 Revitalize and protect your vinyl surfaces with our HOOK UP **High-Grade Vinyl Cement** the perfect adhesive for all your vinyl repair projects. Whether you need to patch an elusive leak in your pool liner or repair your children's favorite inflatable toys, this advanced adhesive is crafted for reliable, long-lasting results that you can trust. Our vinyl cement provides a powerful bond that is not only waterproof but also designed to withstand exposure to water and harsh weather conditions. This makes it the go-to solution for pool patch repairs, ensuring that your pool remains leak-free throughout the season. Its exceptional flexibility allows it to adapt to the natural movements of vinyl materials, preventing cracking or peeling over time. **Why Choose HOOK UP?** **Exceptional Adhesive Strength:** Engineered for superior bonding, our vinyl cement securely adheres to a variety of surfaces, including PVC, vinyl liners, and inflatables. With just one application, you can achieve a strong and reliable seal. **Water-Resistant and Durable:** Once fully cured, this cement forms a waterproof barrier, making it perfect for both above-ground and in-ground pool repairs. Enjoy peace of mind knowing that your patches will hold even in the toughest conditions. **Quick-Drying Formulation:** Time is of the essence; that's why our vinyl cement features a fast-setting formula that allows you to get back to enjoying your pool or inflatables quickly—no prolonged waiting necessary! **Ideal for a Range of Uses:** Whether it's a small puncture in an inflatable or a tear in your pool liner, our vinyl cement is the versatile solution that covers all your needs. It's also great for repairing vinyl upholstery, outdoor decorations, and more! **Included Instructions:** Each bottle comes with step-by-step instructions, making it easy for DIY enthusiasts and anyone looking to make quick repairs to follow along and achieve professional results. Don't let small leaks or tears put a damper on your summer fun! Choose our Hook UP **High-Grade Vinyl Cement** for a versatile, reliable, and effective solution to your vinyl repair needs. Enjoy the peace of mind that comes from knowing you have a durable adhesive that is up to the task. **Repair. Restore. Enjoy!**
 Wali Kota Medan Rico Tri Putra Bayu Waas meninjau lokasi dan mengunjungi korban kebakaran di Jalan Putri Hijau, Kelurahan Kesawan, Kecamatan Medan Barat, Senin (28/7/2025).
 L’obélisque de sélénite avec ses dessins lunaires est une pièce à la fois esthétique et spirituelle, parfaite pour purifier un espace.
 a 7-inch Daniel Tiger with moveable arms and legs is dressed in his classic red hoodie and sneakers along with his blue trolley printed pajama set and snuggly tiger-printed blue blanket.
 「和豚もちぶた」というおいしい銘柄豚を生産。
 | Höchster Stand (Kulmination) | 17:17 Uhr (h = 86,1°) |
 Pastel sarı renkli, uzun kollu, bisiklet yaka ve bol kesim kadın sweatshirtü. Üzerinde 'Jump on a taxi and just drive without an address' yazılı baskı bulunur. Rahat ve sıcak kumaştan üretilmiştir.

·····

* **ACTION ITEM**:
Repeat, with no changes, each line from the one with "Wali Kota Medan" to the end of the listing, including both ends and nothing else.

* **YOUR SOLUTION**:
 Wali Kota Medan Rico Tri Putra Bayu Waas meninjau lokasi dan mengunjungi korban kebakaran di Jalan Putri Hijau, Kelurahan Kesawan, Kecamatan Medan Barat, Senin (28/7/2025).
 L’obélisque de sélénite avec ses dessins lunaires est une pièce à la fois esthétique et spirituelle, parfaite pour purifier un espace.
 a 7-inch Daniel Tiger with moveable arms and legs is dressed in his classic red hoodie and sneakers along with his blue trolley printed pajama set and snuggly tiger-printed blue blanket.
 「和豚もちぶた」というおいしい銘柄豚を生産。
 | Höchster Stand (Kulmination) | 17:17 Uhr (h = 86,1°) |
 Pastel sarı renkli, uzun kollu, bisiklet yaka ve bol kesim kadın sweatshirtü. Üzerinde 'Jump on a taxi and just drive without an address' yazılı baskı bulunur. Rahat ve sıcak kumaştan üretilmiştir.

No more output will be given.